Entain shares gained 5.1% to 1,375.8p in early morning trading on Thursday, after the gambling company reported a 19% revenue climb to £2.1 billion in HY1 2022, alongside an 18% growth in net gaming revenue.
The gaming firm said its revenue increase was driven by a strong rebound in retail performance after Covid-19 lockdowns last year, which sufficiently offset its fall in online revenue.
“The resurgence of in person betting continued over the first half as a cost-of-living crisis and broader economic uncertainty don’t seem to be deterring players from heading out for a rush of in person gaming,” said Hargreaves Lansdown equity analyst Matt Britzman.
“The flip side of that trend is a drop in online gaming, though importantly activity’s stabilising well ahead of pre-pandemic levels.”
Entain confirmed a 31% growth in operating costs on retail reopening and new acquisitions, which fed into the cost base.

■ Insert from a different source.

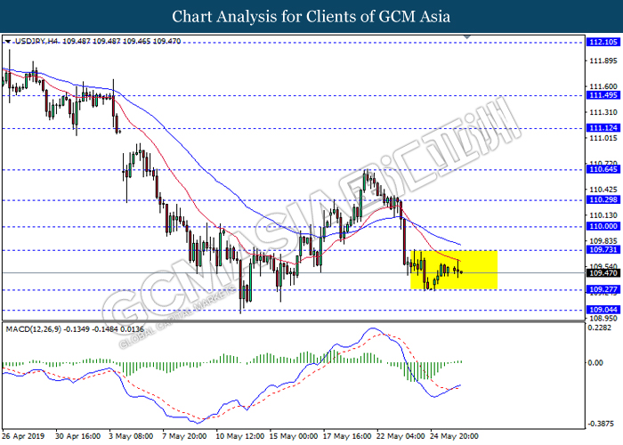 USDJPY, H4: USDJPY remain traded in a sideway channel while currently testing the support level 109.25. However, due to lack of momentum and direction from MACD, a breakout above the resistance level 109.75 or below the support level 109.25 is required to attain further confirmation before entering the market.

However, the betting group confirmed a 17% EBITDA climb to £471 million.
Entain commented it was on track to deliver on its FY 2022 profit guidance of £925 million to £975 million.
The company also noted its new dividend policy, including a total dividend of £100 million to be paid in FY 2022. The dividend will be split in half, representing an 8.5p per share payout in HY1 2022.
“Positive performance and the rebound of retail has paved the way for a fresh and revitalised dividend policy. Starting at £100m over the current year, split between the first and second half, that’s expected to grow from here,” said Britzman.
“Good news for investors, though that will put added strain of cash that’s already being snapped up in BetMGM and the acquisition led growth strategy.”
“Speaking of BetMGM, the group’s joint venture over the pond, performance remains strong. Profits should start to flow at some point next year and BetMGM management have recently upped their forecast addressable market to around $37bn, there’s a big slice of pie up for grabs.”